В его голосе прозвучало смущение, как у ребенка, который понимает, что уже вырос, чтобы верить в Санта-Клауса, и все равно верит.
– Знаешь, что я думаю? – Ханна удивилась тому, что ее собственные страдания как бы притупились. – Мне кажется, что ты не должен принимать решение, если не уверен.
– Но если я скажу отцу, что не хочу жить у него, то ведь он подумает, что я так решил из-за того, что мама мне ближе, чем он.
– А твоя мама – что она подумает?
Крис ничего не сказал и уставился на грязный верх своих кроссовок "рибок".
Воцарилась давящая и неловкая тишина. Странно, но Ханна жалела Грейс. С той ночи в хижине, когда Грейс подарила ей куртку – которую Ханна почти не снимала с тех пор, – ее отношение к Грейс стало казаться ей запутанным еще больше, чем когда-либо.
Она встала, подошла к Крису и положила руку ему на плечо. Ей нечего было сказать такого, от чего ему стало бы легче. Быть может, ему просто нужно знать, что его кто-то поддерживает.
Кто-то, кто точно знает, каково ему.
Ханна уже влезала в свою кожаную куртку, когда Грейс появилась на пороге. Сердце Ханны упало, но вдруг ее осенила странная мысль. А что, если рассказать Грейс, что она забеременела?
Грейс, конечно же, не расстроится и головы не потеряет, но в любом случае мнение Грейс о ней хуже уже не станет.
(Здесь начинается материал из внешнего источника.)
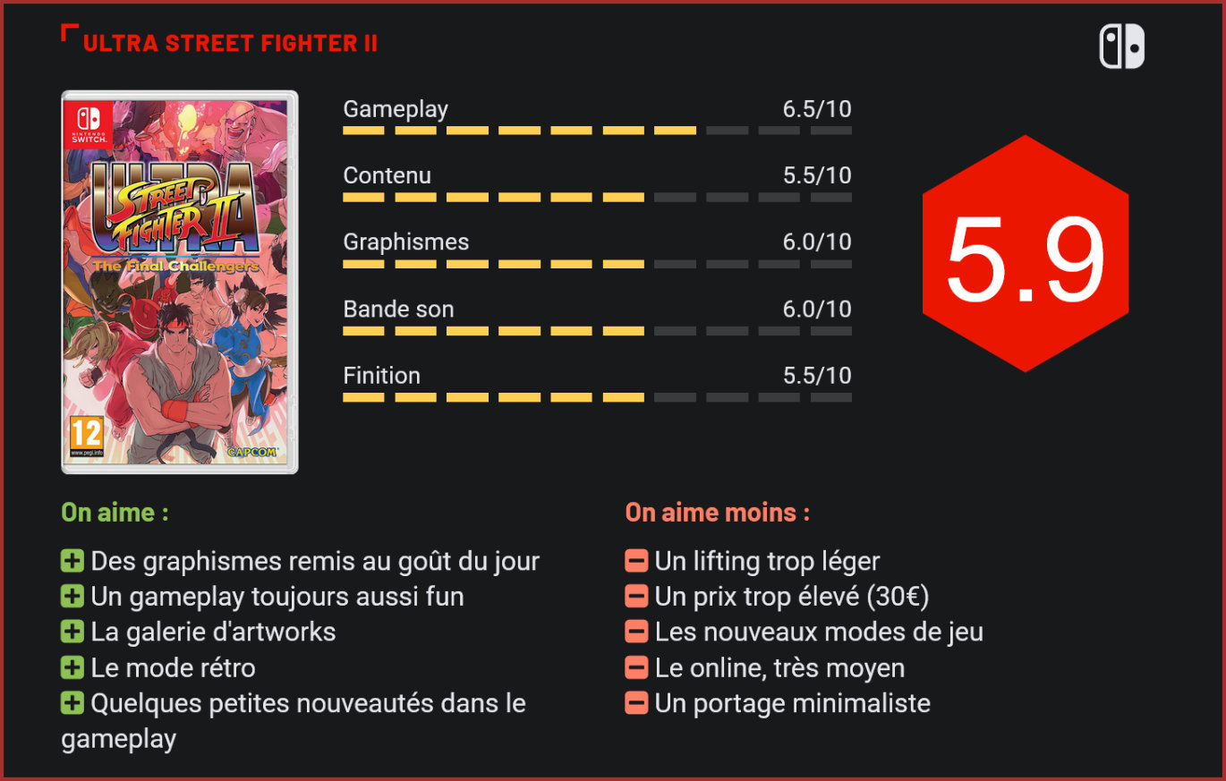 Sorti en 1991 en arcade, Street Fighter 2 est très vite devenu un grand classique des jeux de combat et a eu droit depuis sa sortie à de multiples portages. Capcom offre aujourd’hui un joli coup de lifting à ce titre culte en sortant une réédition du jeu sur la console nomade de Nintendo. Drôle d’idée que celle de Capcom de remettre au goût du jour un aussi vieux classique que Street Fighter 2, alors que la plupart des fans de la franchise auraient sans doute préféré goûter aux joies du dernier volet sur Switch. Pour les joueurs nostalgiques, livrer un remake d’Ultra Street Fighter 2 avait du sens, mais peut-être pas au prix fixé par Capcom. Car pour une trentaine d’euros, les joueurs s’attendaient à un remake en bonne et due forme. Hors, au final, Capcom ne nous livre qu’un très léger lifting du jeu, avec quelques modes inédits. Explications. Le studio Udon s’est en effet chargé de la refonte visuelle du jeu, avec des résultats très nuancés. Globalement, les décors en 2D ont très mal vieilli, et les liftings des personnages sont très moyens. Pour un titre aussi légendaire que Street Fighter, on aurait pu s’attendre à ce que Capcom sorte les gros moyens. Hors, si le jeu a bien subi un lifting, la qualité n’est pas tout à fait au rendez-vous et le titre fait pâle figure face aux autres grands classiques du jeu de combat 2D récemment modernisés. Point positif, il est possible de repasser au design 16 bits, ce qui réjouira les joueurs les plus nostalgiques. Si l’on met de côté la réalisation technique, les nouveautés restent également mineures. Au niveau du gameplay, on note l’apparition de déchoppes qui permettent de mieux équilibrer les combats et de se tirer de situations épineuses, quelques équilibrages au niveau de la palette de coups de chaque personnage et – surtout -, de nouveaux modes de jeu. Outre les modes Arcade et Versus, on citera ainsi la présence d’un mode Co-Op à deux – malheureusement pas très excitant – et le nouveau mode La Voie du Hado, qui permet de jouer dans la peau de Ryu à la première personne et se joue avec les Joy-Cons et le système de reconnaissance gestuelle de la Switch. Amusant cinq minutes, mais hyper-répétitif et là encore pas très excitant. Reste alors le mode multijoueur en ligne, qui aurait pu être un véritable argument de vente pour ce titre, mais qui se solde pas des attentes interminables de mise en relation et des combats souvent déséquilibrés. Si la présence d’un mode multijoueur était indispensable, on se rend finalement compte que celui-ci est lui aussi loin de répondre à nos attentes. Au final, peu de choses sont donc à sauver dans les nouveautés. Les joueurs nostalgiques se réjouiront toutefois de retrouver l’un des meilleurs jeux de baston en 2D, avec un joli coup de pinceau, un casting alléchant de 19 personnages, et un gameplay toujours aussi fun. Autre joli bonus : la présence de nombreux artworks dans la galerie du jeu. Mais tout cela justifie-t-il vraiment un prix de vente aussi élevé que celui auquel est vendu le jeu de Capcom? Sans doute pas, et c’est là tout le problème. Car à 5 ou 10€, nous vous aurions sans doute conseillé de foncer tête baissée sur ce grand classique du jeu-vidéo. Mais à 30€, difficile de justifier le passage à la caisse… Conclusion Si Street Fighter 2 reste un titre incontournable pour les amoureux de jeux de baston en 2D, ce remake sur Switch ne tient pas tout à fait ses promesses. Le mode multijoueur en ligne, qui aurait dû être un véritable argument de vente pour le jeu, est loin d’être aussi réussi qu’on l’imaginait, le portage est minimaliste et les quelques nouveautés n’apportent rien de très excitant. Au final, difficile de justifier le prix de 30€. Reste un jeu de combat toujours aussi fun à prendre en mains, et qui fera sans doute couler une larme de nostalgie aux trentenaires.

– Ханна, какая неожиданность!
Короткие до подбородка волосы Грейс были всклокочены ветром, а лицо раскраснелось от холода.
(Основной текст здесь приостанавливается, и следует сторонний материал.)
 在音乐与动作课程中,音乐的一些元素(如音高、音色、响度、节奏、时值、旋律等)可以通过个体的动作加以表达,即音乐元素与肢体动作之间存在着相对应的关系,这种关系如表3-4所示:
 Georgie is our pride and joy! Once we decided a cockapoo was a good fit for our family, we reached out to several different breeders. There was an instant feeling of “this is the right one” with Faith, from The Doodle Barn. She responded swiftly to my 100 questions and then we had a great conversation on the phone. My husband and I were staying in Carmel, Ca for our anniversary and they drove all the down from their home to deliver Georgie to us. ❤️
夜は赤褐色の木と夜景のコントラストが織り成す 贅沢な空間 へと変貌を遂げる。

Грейс прошла мимо, нагруженная сумками с покупками, обдав Ханну холодом. Руки Ханны покрылись гусиной кожей. Грейс с глухим стуком выкладывала покупки на стойку в кухне.
Так что, сказать ей? Пока хватает смелости?
Да, но если она использует это признание мне во вред? Если б у меня было что-нибудь против нее, я бы этим воспользовалась.
Осознав, что, по всей вероятности, она бы так и поступила, Ханна почувствовала себя еще хуже.
– Я… уже… Я уже собралась уходить. – Ханна заикалась, чувствуя себя неловкой и смущенной.
– Ну что ж, тогда не стану тебя задерживать.